A criminal Hillary Clinton, £350 million extra per week to spend on the NHS – all of this and more was put to us as fact and possibility. In reality, it was the creation of modern day political digi-gurus some of whom were allegedly involved in the illegal collection of data, disinformation, bribery and entrapment. It’s no wonder that people are being made cynical over the nature of truth.

The really worrying thing is that for many people there is no distinction between what they might read on Facebook or the the BBC News website, read in the Daily Mail or (dare I say) hear from the pulpit. The assumption is becoming that everyone has a hidden agenda, everyone is in it for themselves. So why should I listen to what you have to say?

The myth of impartiality

Into such cynicism, the lure of impartial, verifiable data becomes tantalising. The modern world doesn’t want to take things on faith or trust my opinion just because I’m Prime Minister, or a Professor with years of experience in a subject of expertise, or a Vicar. The post-modern suspicion of institutions has only grown and morphed into distrust of all experts. But because people ultimately need answers and truth they can trust, they look elsewhere; and there is a growing assumption that what you can trust in our modern world is scientific experiment, verifiable proof, facts... and somewhere into that mix comes data.

But the great secret when it comes to data is that nothing is impartial. Just as the secular mindset is as much about a context and a point-of-view as a religious one (despite their protestations in the public square to the contrary), so are datasets far from neutral.

Extremely large datasets are not simply much bigger than smaller datasets. Their scale brings about a step change. To analyse them and handle them, new practices are emerging. The capabilities of a “data scientist”, according to Mayer-Schönberger and Cukier must include “the skills of the statistician, software programmer, infographics designer, and storyteller”² (my emphasis). And like any "storyteller", it’s fair to ask what sort of assumptions or values are held by that scientist handling the data, or doing the analysis, or spinning us a story.

Any bias in the interpretation of large datasets can come about through the tools being used, but also within the analysts themselves.
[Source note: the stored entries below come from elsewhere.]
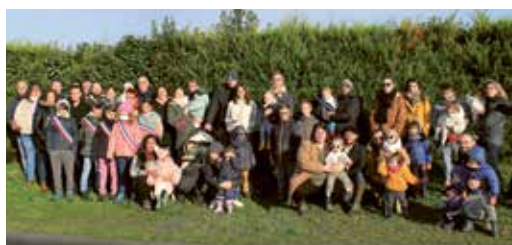
Le 11 janvier 2024 - Cérémonie « Un Arbre, Une Naissance » organisée par les élus du Conseil Municipal d'Enfants en collaboration avec la Région des Pays de la Loire
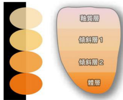
各層的色調・透光性
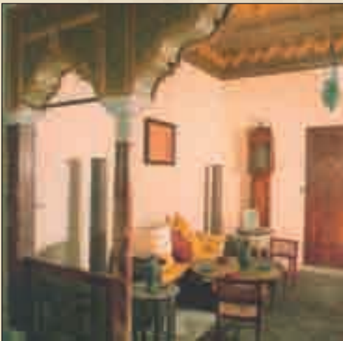
قصر النجمة الزهراء
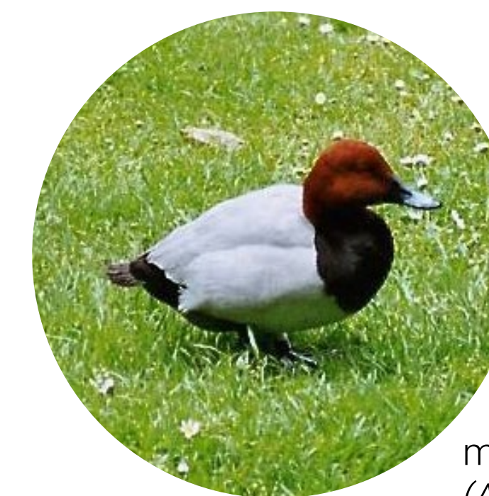
moriglione ( Aythya ferina )

Questo lago di valle porta il nome del conte Alessandro Pericle Ninni (1837-1892) famoso naturalista veneziano e studioso di folklore, linguistica ed etnografia.
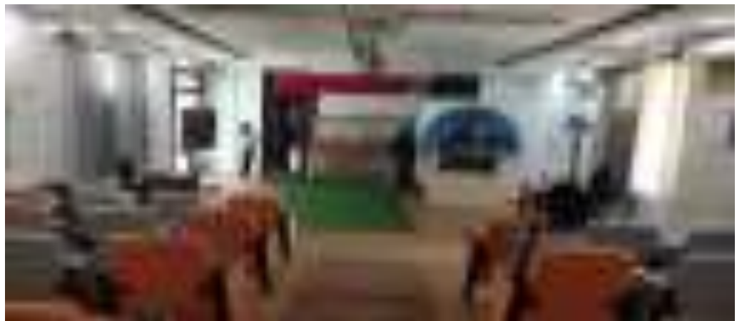
Gambar 15. Ruang Smartclass
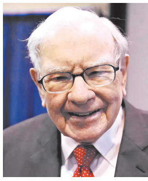
एनिमेटेड सीरीज बनाने में मदद की। इसका उद्देश्य बच्चों को व्यवसाय,

साल 2011 में बफे ने सीक्रेट मिलिनेयर्स क्लब नामक एक
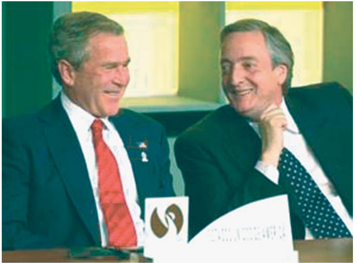
Kirchner con Bush en Monterrey

The tobacco industry was famous in a previous era for funding academic research that came to amazingly positive conclusions about smoking. But most such bias is usually far more subtle and hard to spot. Writers in data science are beginning to observe that individual data scientists can show bias, but also their context and pre-existing values, 'the air they breathe' will also result in bias.

Not only do we need to continue to challenge the myth of neutral, impartial positions when we debate from a Christian perspective in the public square, but in the specific question of the interpretation of Big Data, the Christian Church ought to have plenty to offer on a very different level. Fundamentally, it's all a question of exegesis and hermeneutics, and something in which we have 2,000 years of wisdom that could be brought to bear.³

How to protect the vulnerable through education

While there’s plenty of legitimate criticism to level at the tech companies, we have to acknowledge that most of the data these companies hold and use is given by users willingly in return for access to a good or service. It’s therefore legitimate to ask whether users really understand the terms of this ‘deal’, and when projects have been carried out to inform users, or scandals like Cambridge Analytica hit the headlines, it’s increasingly clear that users are not happy with the bargain.
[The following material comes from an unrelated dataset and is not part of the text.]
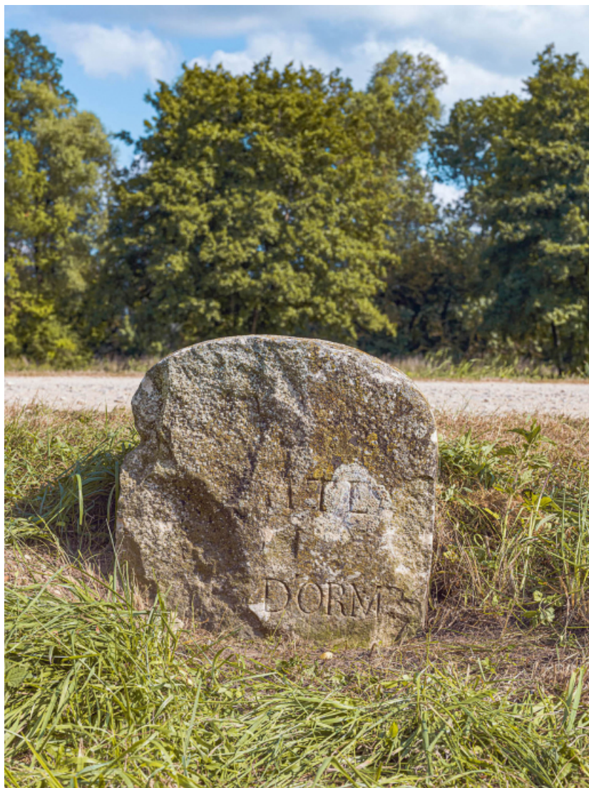
Détail de la borne située au PK 120, rive gauche, en amont du barrage d'Ormes. 71, Écuellen, lieudit : PK 175

Terms of service with complicated legal jargon are common place. We accept terms and conditions often without even reading them. I’ve done it myself countless times. The fact that no-one ever reads such documents was highlighted recently by a joke seen on a church noticeboard “Adam and Eve were only the first people not to read apple’s terms and conditions”.

In a world of free-to-user social media, if you’re not paying for it, you are not the customer; you are the product being sold. But with Terms of Service agreements as they are, and ignorance frequently running at senatorial levels, studies suggest that most people do not understand the trade-off or, at least, are ignorant of its implications.

Christians affirm God’s concern for the weakest and the vulnerable and, in this context, the lack of education and understanding in the wider population of the implications of our behaviour makes the vast majority of us, well, vulnerable. And like any subject or context where a lack of education or knowledge seeks to keep a person or group of people subservient, enslaved, or even oppressed, the Christian Church ought to be ready to speak out about what our collective lack of understanding is enabling tech companies to get away with, and perhaps advocating for what we should all be doing to get informed.

But there’s also a more ‘classic’ definition of vulnerability

In the USA in particular, Big Data has found widespread use in such fields as policing, assessing people’s suitability for a loan or a job, and targeted advertising aimed at everything from selling goods to university courses.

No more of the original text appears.